*Work item*: Copy the following data exactly and drop the pictures.

Stored records:
------------------------------------
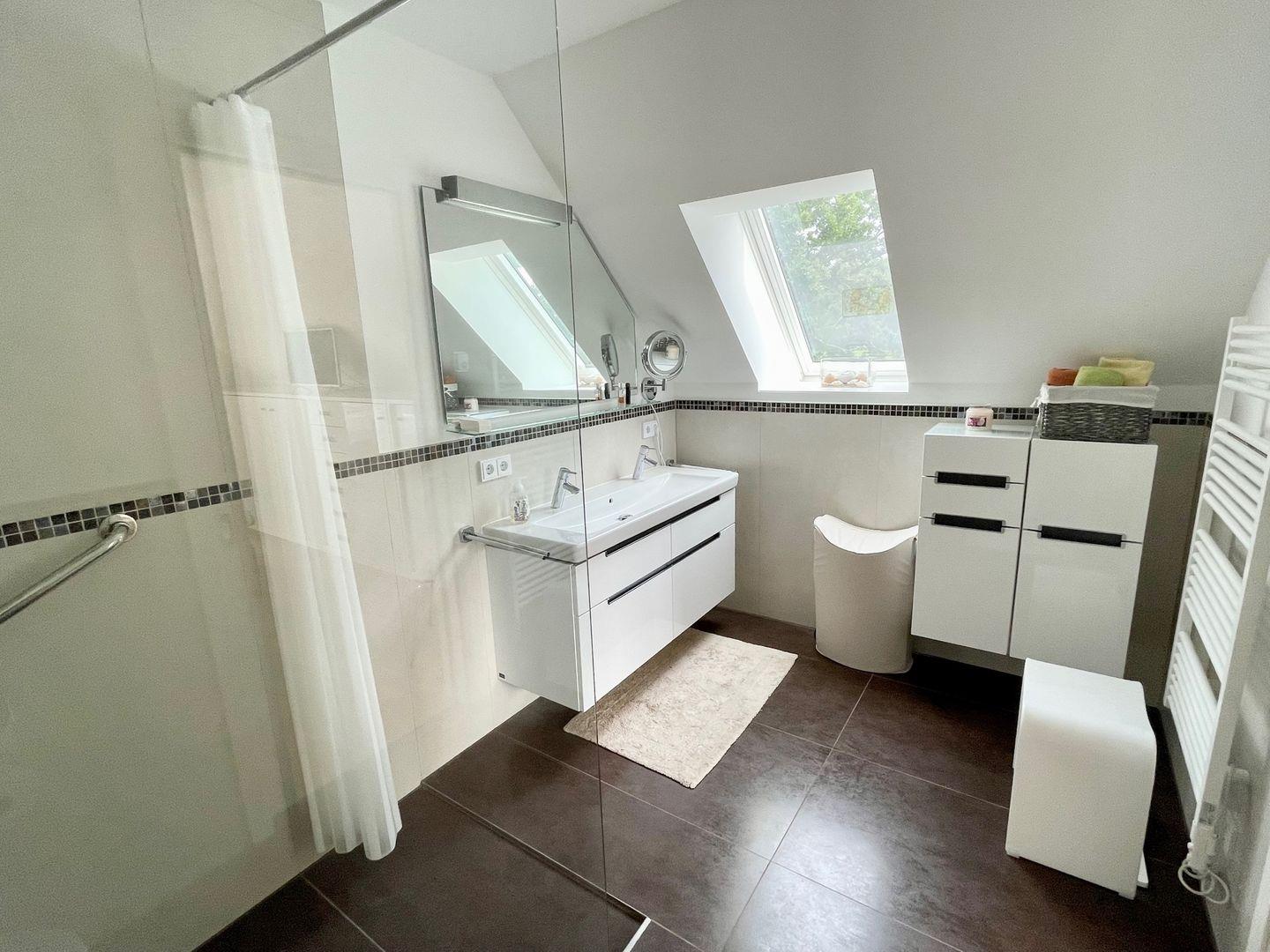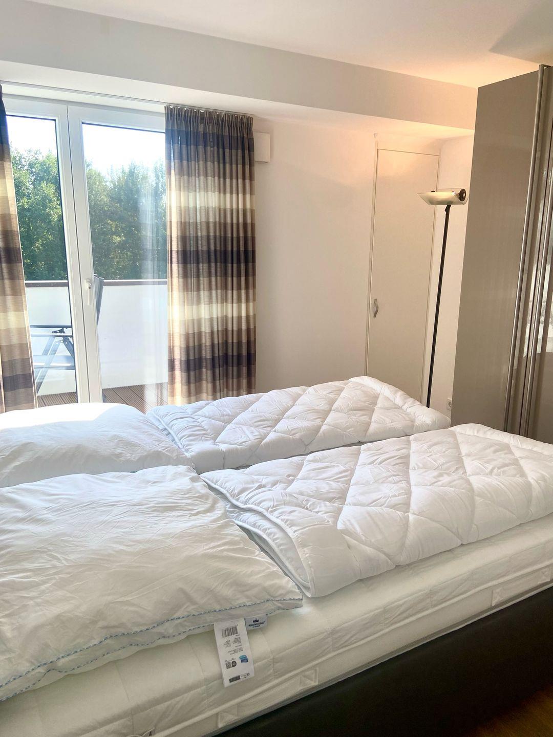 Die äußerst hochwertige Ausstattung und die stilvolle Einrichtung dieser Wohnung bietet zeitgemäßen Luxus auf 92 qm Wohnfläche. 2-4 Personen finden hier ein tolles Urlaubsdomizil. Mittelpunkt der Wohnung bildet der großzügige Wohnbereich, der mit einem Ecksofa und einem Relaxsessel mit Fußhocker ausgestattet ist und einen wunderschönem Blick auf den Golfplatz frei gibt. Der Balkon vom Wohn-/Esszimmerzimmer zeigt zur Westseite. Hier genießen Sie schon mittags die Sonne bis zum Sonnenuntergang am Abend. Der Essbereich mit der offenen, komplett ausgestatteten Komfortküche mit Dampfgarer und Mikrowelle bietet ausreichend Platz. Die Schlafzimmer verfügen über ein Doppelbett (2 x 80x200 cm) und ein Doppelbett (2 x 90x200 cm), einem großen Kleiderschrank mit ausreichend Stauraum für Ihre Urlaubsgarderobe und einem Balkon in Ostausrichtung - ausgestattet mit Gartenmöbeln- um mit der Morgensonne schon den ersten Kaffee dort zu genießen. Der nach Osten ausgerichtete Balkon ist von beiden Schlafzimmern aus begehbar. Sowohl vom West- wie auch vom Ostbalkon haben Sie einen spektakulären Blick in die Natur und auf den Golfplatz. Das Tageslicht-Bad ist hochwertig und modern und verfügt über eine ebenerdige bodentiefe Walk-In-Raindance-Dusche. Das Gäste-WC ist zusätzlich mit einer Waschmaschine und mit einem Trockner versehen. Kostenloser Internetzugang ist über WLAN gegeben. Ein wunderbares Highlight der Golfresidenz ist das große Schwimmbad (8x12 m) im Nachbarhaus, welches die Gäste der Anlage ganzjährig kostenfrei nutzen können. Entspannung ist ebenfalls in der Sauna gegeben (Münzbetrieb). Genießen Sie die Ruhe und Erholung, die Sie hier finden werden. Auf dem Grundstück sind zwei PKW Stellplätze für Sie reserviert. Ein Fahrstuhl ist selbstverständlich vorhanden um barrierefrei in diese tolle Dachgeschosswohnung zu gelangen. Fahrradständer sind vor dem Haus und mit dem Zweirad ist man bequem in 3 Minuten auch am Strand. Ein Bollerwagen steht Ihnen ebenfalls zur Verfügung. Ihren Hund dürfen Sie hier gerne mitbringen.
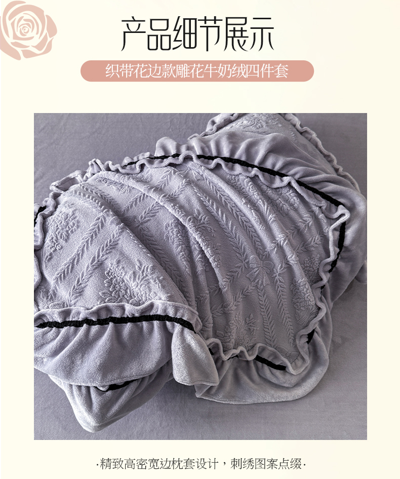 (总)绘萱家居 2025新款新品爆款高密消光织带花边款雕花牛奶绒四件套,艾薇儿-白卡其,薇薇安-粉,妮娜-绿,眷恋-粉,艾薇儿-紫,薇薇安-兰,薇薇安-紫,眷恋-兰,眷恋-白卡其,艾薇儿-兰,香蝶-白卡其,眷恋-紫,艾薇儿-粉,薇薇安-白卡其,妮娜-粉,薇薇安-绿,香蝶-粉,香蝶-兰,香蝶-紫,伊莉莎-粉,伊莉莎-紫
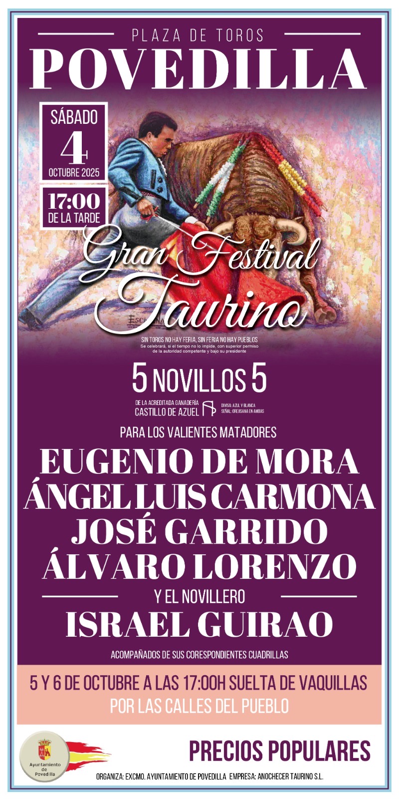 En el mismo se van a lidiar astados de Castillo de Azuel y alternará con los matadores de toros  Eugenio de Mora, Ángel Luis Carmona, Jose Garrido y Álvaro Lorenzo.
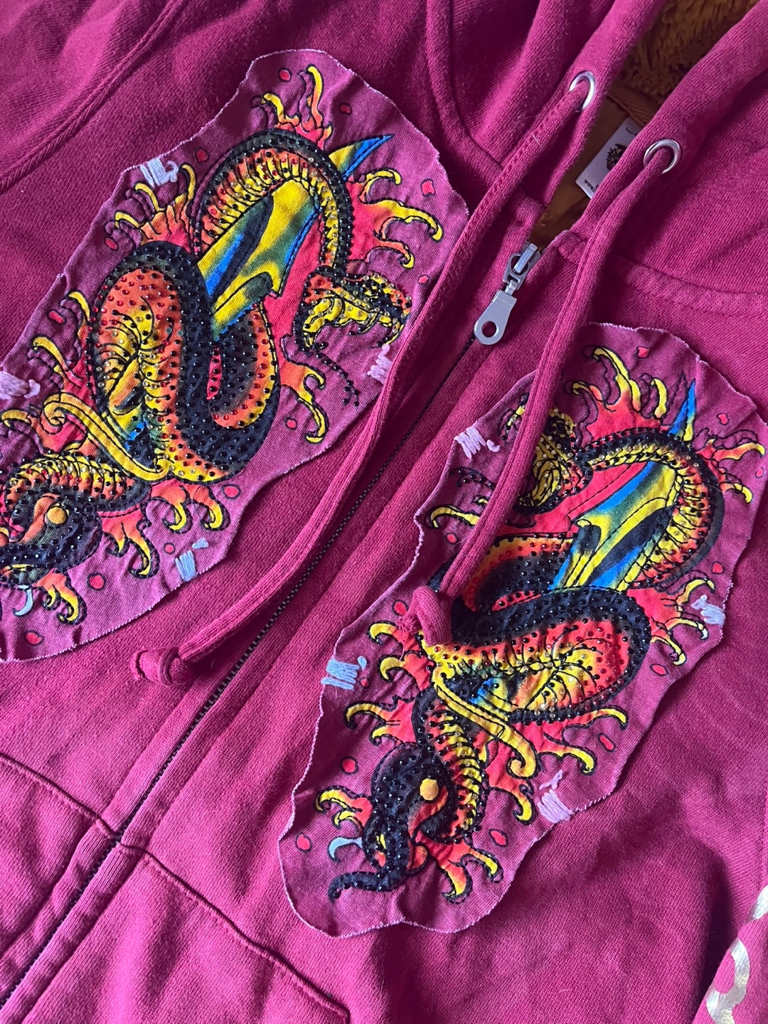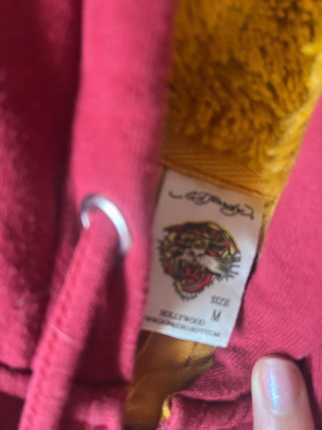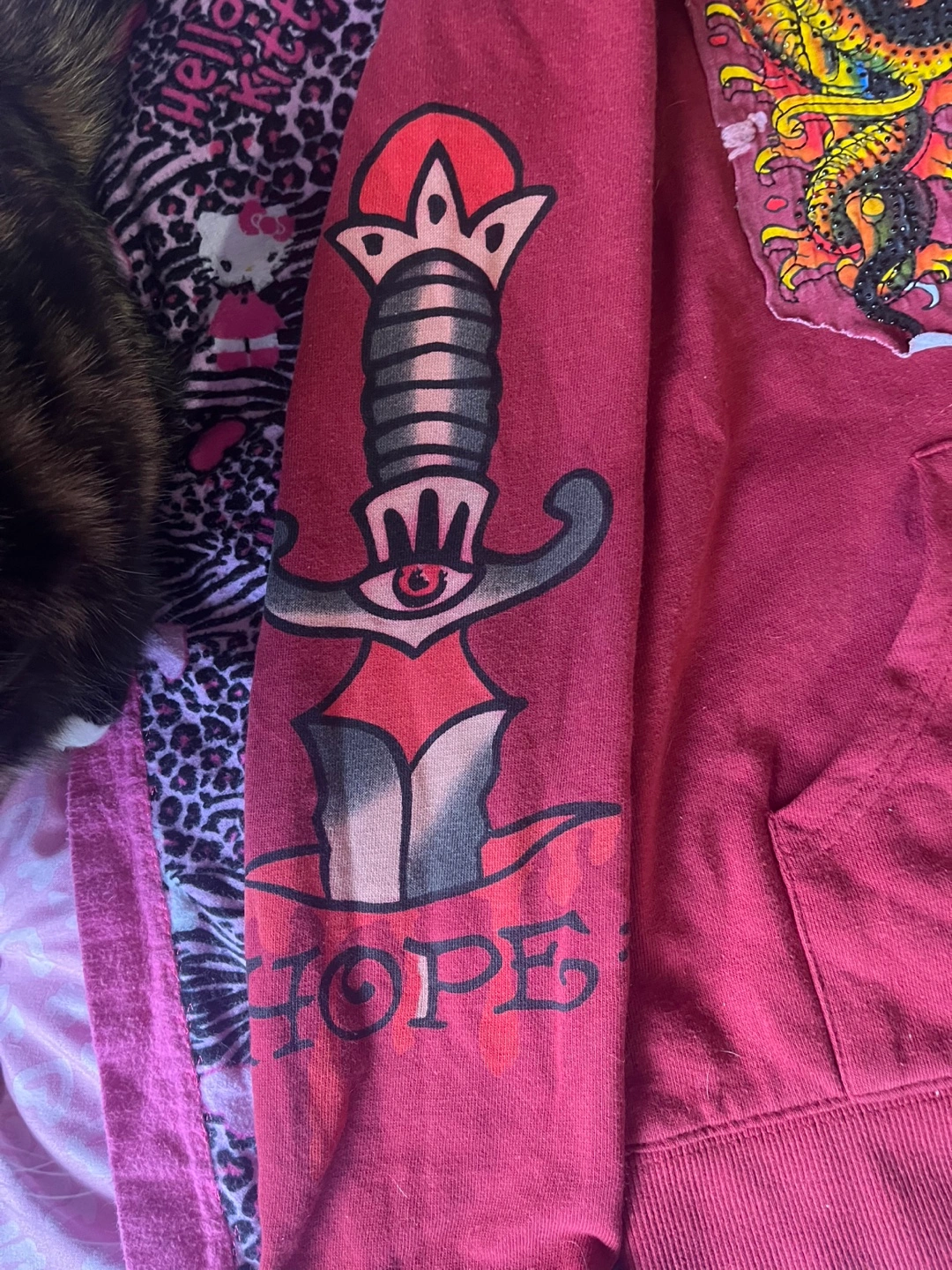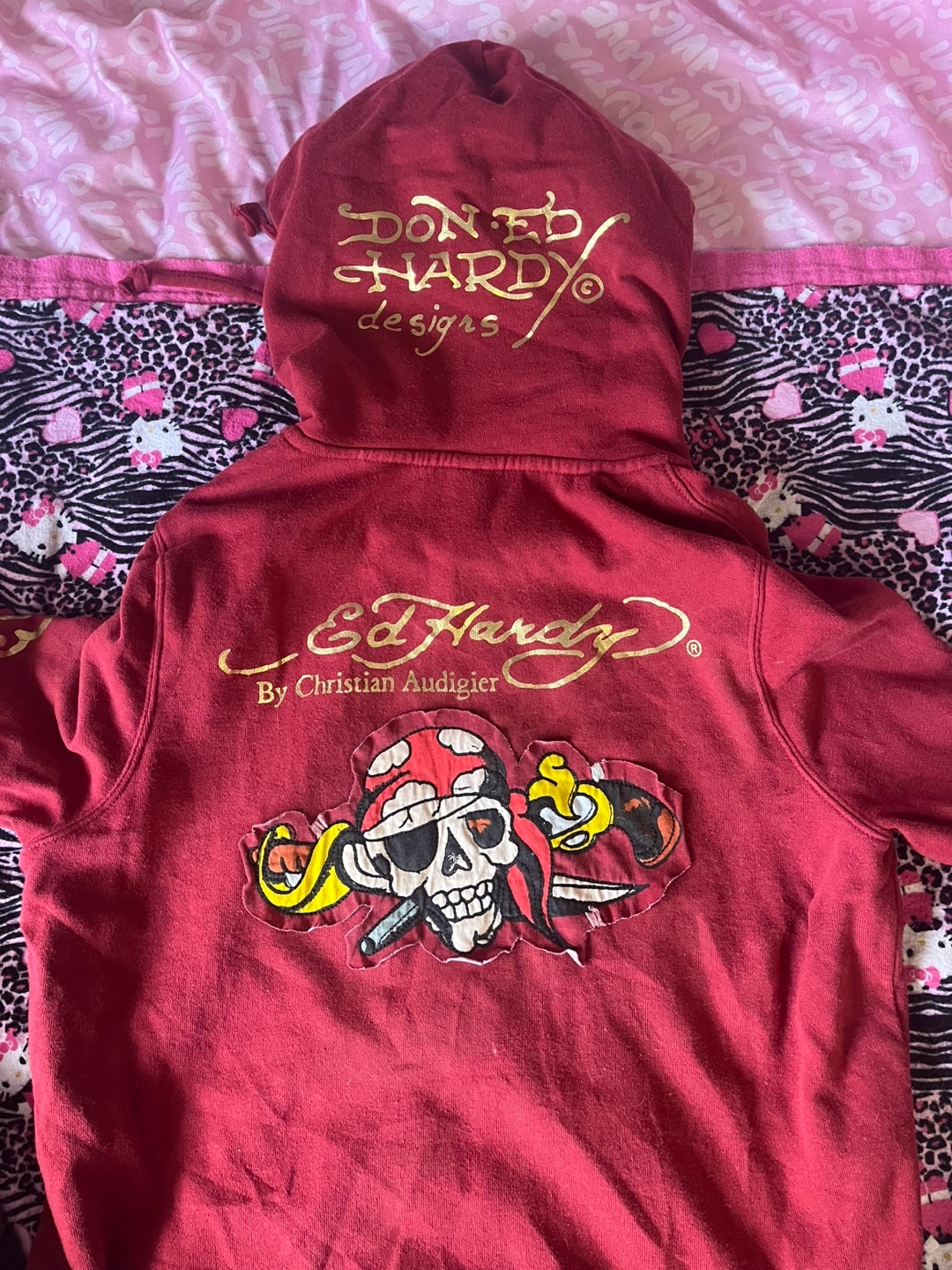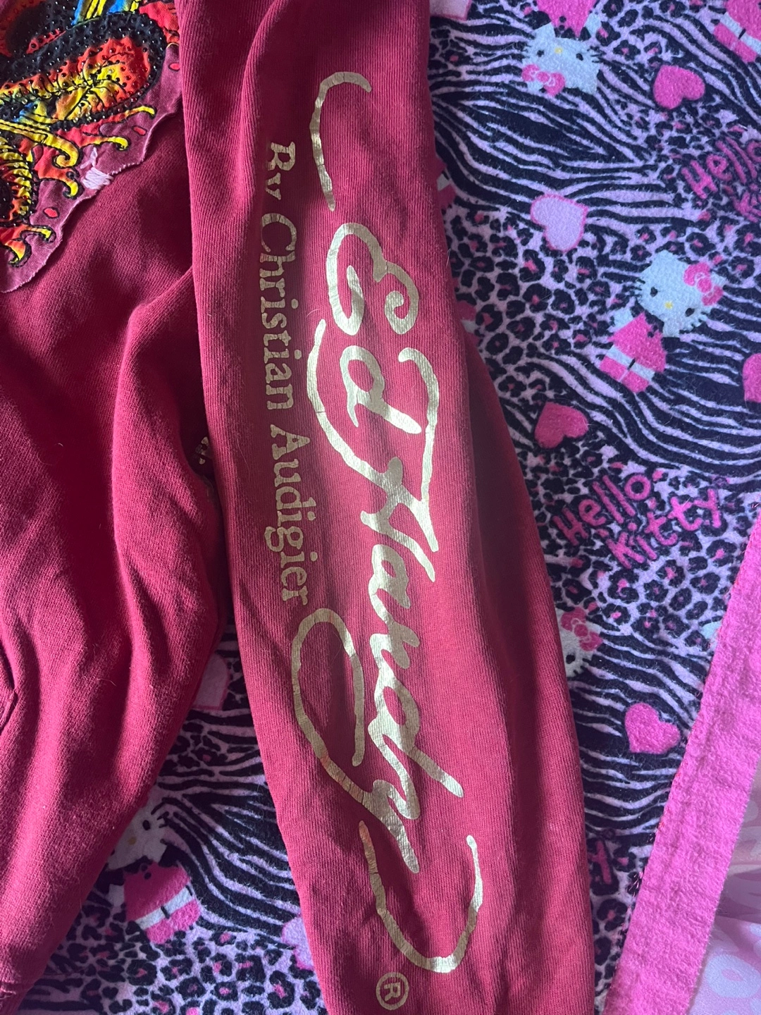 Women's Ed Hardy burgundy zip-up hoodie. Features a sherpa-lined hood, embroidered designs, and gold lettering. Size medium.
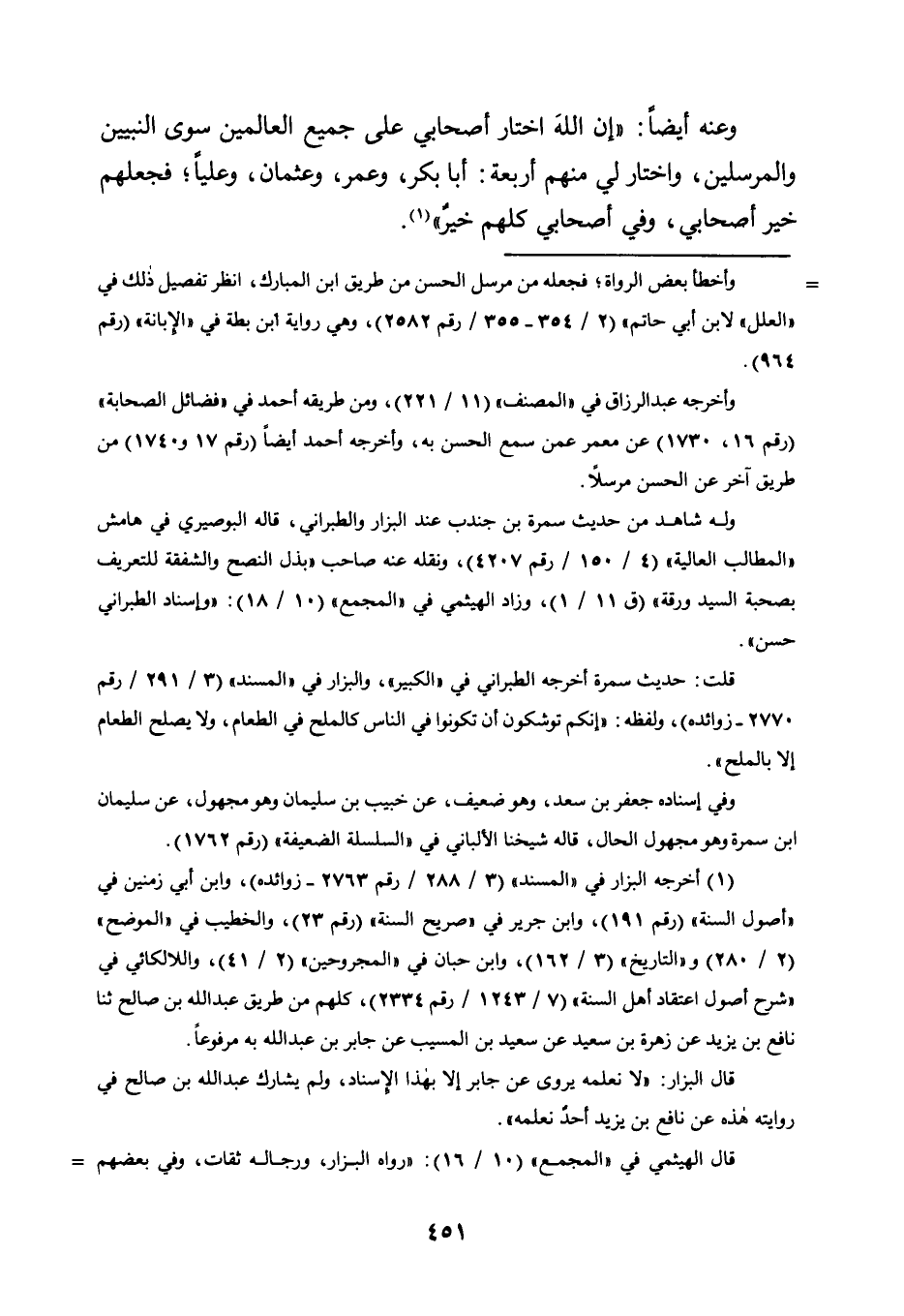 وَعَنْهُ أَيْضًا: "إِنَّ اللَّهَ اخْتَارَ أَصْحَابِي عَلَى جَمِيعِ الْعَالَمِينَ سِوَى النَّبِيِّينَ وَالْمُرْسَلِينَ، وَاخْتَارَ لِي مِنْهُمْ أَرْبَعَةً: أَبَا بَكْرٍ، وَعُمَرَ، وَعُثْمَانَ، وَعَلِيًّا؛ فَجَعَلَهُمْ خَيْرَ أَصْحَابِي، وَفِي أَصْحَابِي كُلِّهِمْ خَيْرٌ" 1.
------------------------------------
*Solution below*:
 Die äußerst hochwertige Ausstattung und die stilvolle Einrichtung dieser Wohnung bietet zeitgemäßen Luxus auf 92 qm Wohnfläche. 2-4 Personen finden hier ein tolles Urlaubsdomizil. Mittelpunkt der Wohnung bildet der großzügige Wohnbereich, der mit einem Ecksofa und einem Relaxsessel mit Fußhocker ausgestattet ist und einen wunderschönem Blick auf den Golfplatz frei gibt. Der Balkon vom Wohn-/Esszimmerzimmer zeigt zur Westseite. Hier genießen Sie schon mittags die Sonne bis zum Sonnenuntergang am Abend. Der Essbereich mit der offenen, komplett ausgestatteten Komfortküche mit Dampfgarer und Mikrowelle bietet ausreichend Platz. Die Schlafzimmer verfügen über ein Doppelbett (2 x 80x200 cm) und ein Doppelbett (2 x 90x200 cm), einem großen Kleiderschrank mit ausreichend Stauraum für Ihre Urlaubsgarderobe und einem Balkon in Ostausrichtung - ausgestattet mit Gartenmöbeln- um mit der Morgensonne schon den ersten Kaffee dort zu genießen. Der nach Osten ausgerichtete Balkon ist von beiden Schlafzimmern aus begehbar. Sowohl vom West- wie auch vom Ostbalkon haben Sie einen spektakulären Blick in die Natur und auf den Golfplatz. Das Tageslicht-Bad ist hochwertig und modern und verfügt über eine ebenerdige bodentiefe Walk-In-Raindance-Dusche. Das Gäste-WC ist zusätzlich mit einer Waschmaschine und mit einem Trockner versehen. Kostenloser Internetzugang ist über WLAN gegeben. Ein wunderbares Highlight der Golfresidenz ist das große Schwimmbad (8x12 m) im Nachbarhaus, welches die Gäste der Anlage ganzjährig kostenfrei nutzen können. Entspannung ist ebenfalls in der Sauna gegeben (Münzbetrieb). Genießen Sie die Ruhe und Erholung, die Sie hier finden werden. Auf dem Grundstück sind zwei PKW Stellplätze für Sie reserviert. Ein Fahrstuhl ist selbstverständlich vorhanden um barrierefrei in diese tolle Dachgeschosswohnung zu gelangen. Fahrradständer sind vor dem Haus und mit dem Zweirad ist man bequem in 3 Minuten auch am Strand. Ein Bollerwagen steht Ihnen ebenfalls zur Verfügung. Ihren Hund dürfen Sie hier gerne mitbringen.
 (总)绘萱家居 2025新款新品爆款高密消光织带花边款雕花牛奶绒四件套,艾薇儿-白卡其,薇薇安-粉,妮娜-绿,眷恋-粉,艾薇儿-紫,薇薇安-兰,薇薇安-紫,眷恋-兰,眷恋-白卡其,艾薇儿-兰,香蝶-白卡其,眷恋-紫,艾薇儿-粉,薇薇安-白卡其,妮娜-粉,薇薇安-绿,香蝶-粉,香蝶-兰,香蝶-紫,伊莉莎-粉,伊莉莎-紫
 En el mismo se van a lidiar astados de Castillo de Azuel y alternará con los matadores de toros  Eugenio de Mora, Ángel Luis Carmona, Jose Garrido y Álvaro Lorenzo.
 Women's Ed Hardy burgundy zip-up hoodie. Features a sherpa-lined hood, embroidered designs, and gold lettering. Size medium.
 وَعَنْهُ أَيْضًا: "إِنَّ اللَّهَ اخْتَارَ أَصْحَابِي عَلَى جَمِيعِ الْعَالَمِينَ سِوَى النَّبِيِّينَ وَالْمُرْسَلِينَ، وَاخْتَارَ لِي مِنْهُمْ أَرْبَعَةً: أَبَا بَكْرٍ، وَعُمَرَ، وَعُثْمَانَ، وَعَلِيًّا؛ فَجَعَلَهُمْ خَيْرَ أَصْحَابِي، وَفِي أَصْحَابِي كُلِّهِمْ خَيْرٌ" 1.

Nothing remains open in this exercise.